[Stored data]
= Beginning of Section =

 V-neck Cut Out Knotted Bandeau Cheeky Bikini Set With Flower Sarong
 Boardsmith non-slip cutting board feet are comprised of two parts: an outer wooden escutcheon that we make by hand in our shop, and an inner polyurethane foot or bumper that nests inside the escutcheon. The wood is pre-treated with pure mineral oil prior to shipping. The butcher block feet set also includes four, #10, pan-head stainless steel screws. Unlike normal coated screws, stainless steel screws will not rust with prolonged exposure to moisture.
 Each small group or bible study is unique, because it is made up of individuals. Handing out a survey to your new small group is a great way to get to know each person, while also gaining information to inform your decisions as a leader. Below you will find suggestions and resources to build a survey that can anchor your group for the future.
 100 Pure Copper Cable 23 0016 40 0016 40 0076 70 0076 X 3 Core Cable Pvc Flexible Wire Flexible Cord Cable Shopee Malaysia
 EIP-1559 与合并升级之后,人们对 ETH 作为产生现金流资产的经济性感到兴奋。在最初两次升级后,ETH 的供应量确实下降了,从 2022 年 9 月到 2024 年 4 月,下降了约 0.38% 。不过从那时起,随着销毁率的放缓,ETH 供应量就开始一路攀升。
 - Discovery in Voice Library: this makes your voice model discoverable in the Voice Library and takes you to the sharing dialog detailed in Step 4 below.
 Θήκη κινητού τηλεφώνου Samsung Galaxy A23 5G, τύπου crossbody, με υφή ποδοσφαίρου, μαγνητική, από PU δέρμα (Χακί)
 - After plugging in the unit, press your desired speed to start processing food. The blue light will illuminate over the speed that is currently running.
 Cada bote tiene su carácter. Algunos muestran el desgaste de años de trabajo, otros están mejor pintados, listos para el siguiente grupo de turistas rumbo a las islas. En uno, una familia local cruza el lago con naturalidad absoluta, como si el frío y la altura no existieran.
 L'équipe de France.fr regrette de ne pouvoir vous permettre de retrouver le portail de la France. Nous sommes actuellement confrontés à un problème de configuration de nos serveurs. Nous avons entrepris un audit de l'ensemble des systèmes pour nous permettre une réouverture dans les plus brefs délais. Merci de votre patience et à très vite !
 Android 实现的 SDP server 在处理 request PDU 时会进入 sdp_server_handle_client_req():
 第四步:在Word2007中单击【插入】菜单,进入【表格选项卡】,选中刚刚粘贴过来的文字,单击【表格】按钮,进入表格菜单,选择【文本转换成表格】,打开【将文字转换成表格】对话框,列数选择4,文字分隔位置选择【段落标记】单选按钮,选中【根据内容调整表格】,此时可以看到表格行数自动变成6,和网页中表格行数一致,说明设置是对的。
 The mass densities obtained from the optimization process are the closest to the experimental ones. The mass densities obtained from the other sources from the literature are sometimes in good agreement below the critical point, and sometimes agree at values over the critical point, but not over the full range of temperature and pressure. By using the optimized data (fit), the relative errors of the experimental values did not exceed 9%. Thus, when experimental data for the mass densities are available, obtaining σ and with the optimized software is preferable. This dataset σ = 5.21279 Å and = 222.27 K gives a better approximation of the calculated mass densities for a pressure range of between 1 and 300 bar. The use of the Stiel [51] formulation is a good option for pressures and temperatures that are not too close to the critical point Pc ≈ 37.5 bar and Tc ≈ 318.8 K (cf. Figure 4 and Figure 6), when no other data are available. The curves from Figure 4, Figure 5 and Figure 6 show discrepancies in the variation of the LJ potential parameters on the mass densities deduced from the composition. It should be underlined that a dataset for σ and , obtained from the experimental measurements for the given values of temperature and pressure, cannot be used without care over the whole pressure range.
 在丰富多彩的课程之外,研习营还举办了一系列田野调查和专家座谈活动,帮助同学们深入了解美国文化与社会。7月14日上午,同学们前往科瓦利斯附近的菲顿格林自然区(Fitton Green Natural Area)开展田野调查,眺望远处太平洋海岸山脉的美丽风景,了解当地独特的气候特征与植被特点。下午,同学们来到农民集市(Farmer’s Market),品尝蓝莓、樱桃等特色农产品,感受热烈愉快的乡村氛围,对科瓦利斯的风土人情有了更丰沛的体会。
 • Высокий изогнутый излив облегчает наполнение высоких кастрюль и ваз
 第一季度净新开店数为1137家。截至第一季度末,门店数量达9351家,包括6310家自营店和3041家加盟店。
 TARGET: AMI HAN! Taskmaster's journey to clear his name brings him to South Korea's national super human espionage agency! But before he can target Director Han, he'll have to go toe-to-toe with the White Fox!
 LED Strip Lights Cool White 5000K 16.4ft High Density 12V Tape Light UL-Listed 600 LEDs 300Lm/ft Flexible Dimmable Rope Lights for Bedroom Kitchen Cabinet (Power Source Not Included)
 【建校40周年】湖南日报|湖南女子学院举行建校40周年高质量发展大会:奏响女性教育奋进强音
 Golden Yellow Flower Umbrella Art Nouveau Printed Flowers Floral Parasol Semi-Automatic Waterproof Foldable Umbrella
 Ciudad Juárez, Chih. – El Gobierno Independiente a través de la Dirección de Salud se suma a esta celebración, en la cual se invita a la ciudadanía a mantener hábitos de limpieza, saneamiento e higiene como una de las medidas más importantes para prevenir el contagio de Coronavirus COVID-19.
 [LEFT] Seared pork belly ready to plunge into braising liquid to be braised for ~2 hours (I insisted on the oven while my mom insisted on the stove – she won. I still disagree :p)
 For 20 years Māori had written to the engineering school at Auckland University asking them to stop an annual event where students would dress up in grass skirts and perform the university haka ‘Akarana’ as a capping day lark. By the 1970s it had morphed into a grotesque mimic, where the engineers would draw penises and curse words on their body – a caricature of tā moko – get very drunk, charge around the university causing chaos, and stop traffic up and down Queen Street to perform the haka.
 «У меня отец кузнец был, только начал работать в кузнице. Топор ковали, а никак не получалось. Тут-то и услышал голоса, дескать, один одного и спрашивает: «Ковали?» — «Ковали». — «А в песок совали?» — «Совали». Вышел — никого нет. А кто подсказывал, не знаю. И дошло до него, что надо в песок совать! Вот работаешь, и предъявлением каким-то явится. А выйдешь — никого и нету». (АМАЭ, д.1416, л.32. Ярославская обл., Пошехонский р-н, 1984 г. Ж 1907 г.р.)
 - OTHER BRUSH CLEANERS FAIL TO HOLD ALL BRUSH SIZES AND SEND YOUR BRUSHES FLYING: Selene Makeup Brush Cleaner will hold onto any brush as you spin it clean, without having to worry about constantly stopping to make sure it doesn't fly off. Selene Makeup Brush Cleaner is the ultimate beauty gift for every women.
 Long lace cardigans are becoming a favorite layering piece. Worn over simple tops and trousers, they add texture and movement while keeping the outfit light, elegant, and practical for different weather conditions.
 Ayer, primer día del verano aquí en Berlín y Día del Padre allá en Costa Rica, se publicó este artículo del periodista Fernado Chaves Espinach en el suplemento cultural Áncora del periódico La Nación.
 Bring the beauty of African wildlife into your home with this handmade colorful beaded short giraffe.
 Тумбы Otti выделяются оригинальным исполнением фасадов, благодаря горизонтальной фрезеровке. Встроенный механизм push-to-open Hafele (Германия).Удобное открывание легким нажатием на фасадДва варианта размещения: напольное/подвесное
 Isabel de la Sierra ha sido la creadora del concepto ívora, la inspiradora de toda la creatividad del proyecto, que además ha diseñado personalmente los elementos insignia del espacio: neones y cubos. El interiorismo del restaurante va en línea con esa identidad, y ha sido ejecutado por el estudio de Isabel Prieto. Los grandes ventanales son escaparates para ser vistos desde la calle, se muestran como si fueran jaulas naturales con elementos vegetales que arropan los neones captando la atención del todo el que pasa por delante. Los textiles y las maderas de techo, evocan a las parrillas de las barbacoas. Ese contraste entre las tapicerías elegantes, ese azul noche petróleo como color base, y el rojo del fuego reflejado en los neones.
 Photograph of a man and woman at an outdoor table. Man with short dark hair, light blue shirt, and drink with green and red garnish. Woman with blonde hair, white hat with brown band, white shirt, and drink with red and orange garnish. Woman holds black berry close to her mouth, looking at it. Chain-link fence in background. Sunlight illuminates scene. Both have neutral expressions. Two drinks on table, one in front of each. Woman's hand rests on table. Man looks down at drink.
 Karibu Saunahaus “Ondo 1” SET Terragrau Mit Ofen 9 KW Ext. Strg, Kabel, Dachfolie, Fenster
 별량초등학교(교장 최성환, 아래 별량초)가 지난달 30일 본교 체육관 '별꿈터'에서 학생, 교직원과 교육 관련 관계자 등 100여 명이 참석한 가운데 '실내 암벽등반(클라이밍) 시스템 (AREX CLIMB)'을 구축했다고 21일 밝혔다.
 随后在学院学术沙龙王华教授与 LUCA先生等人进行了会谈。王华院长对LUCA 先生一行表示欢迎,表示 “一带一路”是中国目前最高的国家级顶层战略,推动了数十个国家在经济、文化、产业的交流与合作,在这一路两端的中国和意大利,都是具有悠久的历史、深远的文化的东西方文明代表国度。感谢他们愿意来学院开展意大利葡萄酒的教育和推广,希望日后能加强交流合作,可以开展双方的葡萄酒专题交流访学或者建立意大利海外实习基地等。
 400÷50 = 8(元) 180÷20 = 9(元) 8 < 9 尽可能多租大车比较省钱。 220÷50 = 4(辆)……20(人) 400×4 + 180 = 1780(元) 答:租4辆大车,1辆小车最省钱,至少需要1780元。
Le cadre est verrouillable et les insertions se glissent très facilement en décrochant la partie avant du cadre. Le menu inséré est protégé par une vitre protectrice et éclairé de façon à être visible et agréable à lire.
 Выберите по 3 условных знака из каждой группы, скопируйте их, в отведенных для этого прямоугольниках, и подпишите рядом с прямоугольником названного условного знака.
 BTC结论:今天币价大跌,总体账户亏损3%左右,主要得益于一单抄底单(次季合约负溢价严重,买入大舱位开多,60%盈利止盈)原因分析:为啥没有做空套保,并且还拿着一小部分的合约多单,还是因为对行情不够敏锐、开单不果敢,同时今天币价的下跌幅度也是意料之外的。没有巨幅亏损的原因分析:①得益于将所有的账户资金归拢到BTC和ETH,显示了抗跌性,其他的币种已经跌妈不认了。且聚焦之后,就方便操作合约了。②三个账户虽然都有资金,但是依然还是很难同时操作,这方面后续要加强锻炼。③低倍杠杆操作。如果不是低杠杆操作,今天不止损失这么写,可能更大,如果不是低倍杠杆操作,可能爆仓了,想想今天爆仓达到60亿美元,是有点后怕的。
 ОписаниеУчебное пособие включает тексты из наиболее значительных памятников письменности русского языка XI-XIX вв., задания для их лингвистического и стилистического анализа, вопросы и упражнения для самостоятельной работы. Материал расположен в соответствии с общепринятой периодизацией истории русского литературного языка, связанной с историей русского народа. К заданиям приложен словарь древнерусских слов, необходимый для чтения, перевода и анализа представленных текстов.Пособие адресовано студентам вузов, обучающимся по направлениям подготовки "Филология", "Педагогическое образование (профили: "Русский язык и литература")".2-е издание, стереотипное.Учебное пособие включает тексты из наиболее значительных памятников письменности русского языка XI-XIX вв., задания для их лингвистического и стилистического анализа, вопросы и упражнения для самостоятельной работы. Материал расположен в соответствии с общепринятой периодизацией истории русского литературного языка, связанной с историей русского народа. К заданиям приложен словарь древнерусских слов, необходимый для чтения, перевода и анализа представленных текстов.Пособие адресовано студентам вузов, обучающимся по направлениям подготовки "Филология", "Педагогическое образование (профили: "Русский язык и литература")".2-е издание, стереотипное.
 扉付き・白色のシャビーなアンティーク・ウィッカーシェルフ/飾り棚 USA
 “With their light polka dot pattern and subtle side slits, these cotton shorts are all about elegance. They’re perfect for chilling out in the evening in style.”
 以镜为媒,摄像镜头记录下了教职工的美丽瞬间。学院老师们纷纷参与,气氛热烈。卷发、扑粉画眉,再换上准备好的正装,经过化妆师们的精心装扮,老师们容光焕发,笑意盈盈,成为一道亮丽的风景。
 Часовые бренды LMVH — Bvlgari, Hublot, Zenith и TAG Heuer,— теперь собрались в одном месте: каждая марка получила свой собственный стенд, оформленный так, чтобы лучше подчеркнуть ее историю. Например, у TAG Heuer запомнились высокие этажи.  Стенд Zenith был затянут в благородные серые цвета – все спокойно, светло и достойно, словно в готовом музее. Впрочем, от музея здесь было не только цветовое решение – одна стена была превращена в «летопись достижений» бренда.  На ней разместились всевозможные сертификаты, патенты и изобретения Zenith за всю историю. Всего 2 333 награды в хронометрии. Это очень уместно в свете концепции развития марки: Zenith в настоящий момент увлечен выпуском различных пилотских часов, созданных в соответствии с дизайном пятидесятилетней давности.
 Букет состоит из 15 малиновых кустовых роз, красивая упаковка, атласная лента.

= End of Section =

= What you will do =
Set down, exactly as they appear above, all lines from the one that has "LED Strip Lights" down to the one that has "[LEFT] Seared pork", including those two and no others.

= Worked solution =
 LED Strip Lights Cool White 5000K 16.4ft High Density 12V Tape Light UL-Listed 600 LEDs 300Lm/ft Flexible Dimmable Rope Lights for Bedroom Kitchen Cabinet (Power Source Not Included)
 【建校40周年】湖南日报|湖南女子学院举行建校40周年高质量发展大会:奏响女性教育奋进强音
 Golden Yellow Flower Umbrella Art Nouveau Printed Flowers Floral Parasol Semi-Automatic Waterproof Foldable Umbrella
 Ciudad Juárez, Chih. – El Gobierno Independiente a través de la Dirección de Salud se suma a esta celebración, en la cual se invita a la ciudadanía a mantener hábitos de limpieza, saneamiento e higiene como una de las medidas más importantes para prevenir el contagio de Coronavirus COVID-19.
 [LEFT] Seared pork belly ready to plunge into braising liquid to be braised for ~2 hours (I insisted on the oven while my mom insisted on the stove – she won. I still disagree :p)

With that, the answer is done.